Butcher Day Death with dignity

Death is a part of life, without death no one could live. Even vegetarians’ diets put an end to life. By eating a carrot, for example, there is no way for the veggie to naturally finishing its lifecycle, and produce seeds.

This may not seem like an end of a life , but it is.

To continue living , we must consume other forms of life. We can’t only be sustained by non-life forms such as minerals.

Most of us don’t talk about death much , but it’s part of life on the farm.

Every year, livestock is butchered for future use. This past week , we butchered our turkeys.

As in the past, I sent emails to those who had booked a turkey, inviting them to join us on butcher day. The answers ranged from those unavailable due to work or travel, to those who could not help with this sort of work , to those who were looking forward to helping.

I do understand it isn’t a job for everyone. Growing up on the farm on chicken-butchering day, my mother and I did the killing and plucking. My sister joined us to help eviscerate the birds. Killing with respect for the animal being killed isn’t always easy. But every year hunters do this when they go out for their yearly moose or bison. So it isn’t much of a stretch for farmers to do this as well.

The strange thing is, most modern farmers no longer do their own butchering. Farms have grown too large for on-site butchering. Now an animal is trucked to the auction barn, where it is bought and sent to an abattoir. Here it is killed, cut up, and packaged for sale.

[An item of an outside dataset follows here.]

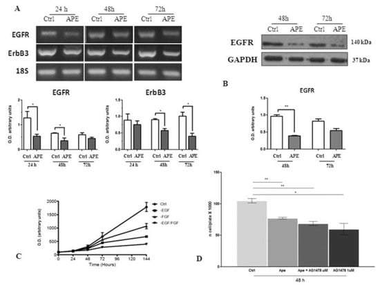(A) RT-PCR analysis of EGFR and ErbB3 receptors in GB7 cells. 18 S was used as a housekeeping gene. The graphs below show the densitometric analysis of the bands of RT-PCR indicated in Fig. A normalized with the bands of housekeeping gene 18 S. The data are the average ±SEM of three independent experiments (* p < 0.05 t-test). (B) EGFR expression by Western blot analysis on GB7 cells. GAPDH was used as an internal reference protein. The graph below shows the densitometric analysis of the bands of Western blot analysis for EGFR normalized with the bands of the reference protein GAPDH. The data are the average ±SEM of three independent experiments (** p < 0.01 t-test). (C) MTT assay performed on GB7 cells maintained in complete culture medium containing EGF and FGF (ctrl) either in the absence of FGF, or of EGF, or in absence of both growth factors. (D) MTT assay performed after 48 h of treatment with 100 μM APE or 1 μM of TKI AG1478 inhibitor (t-test; * p < 0.05; ** p < 0.01). The data are the average ±SEM of three independent experiments performed in triplicate.

Sometimes the killing happens in one place , and the cutting and wrapping in another; sometimes these places aren’t even in the same province. In such cases the farmer receives a cheque for the animal and the reality of death is no longer experienced. The person who buys the animal, or a cut-and-wrapped portion of it, never sees is alive, and is only connected to the living animal by a stretch of middlemen.

This distancing of ourselves from our food source makes us numb to certain realities .

In the Yukon we only have mobile abattoirs; the death of the animal takes place on the farm where it was raised , and the farmer is still involved. The meat is kept local and we have a shorter food chain. We also maintain some of the skills it takes to be more self-reliant. Being as isolated as we are from the rest of the planet, self-reliance is also part of life.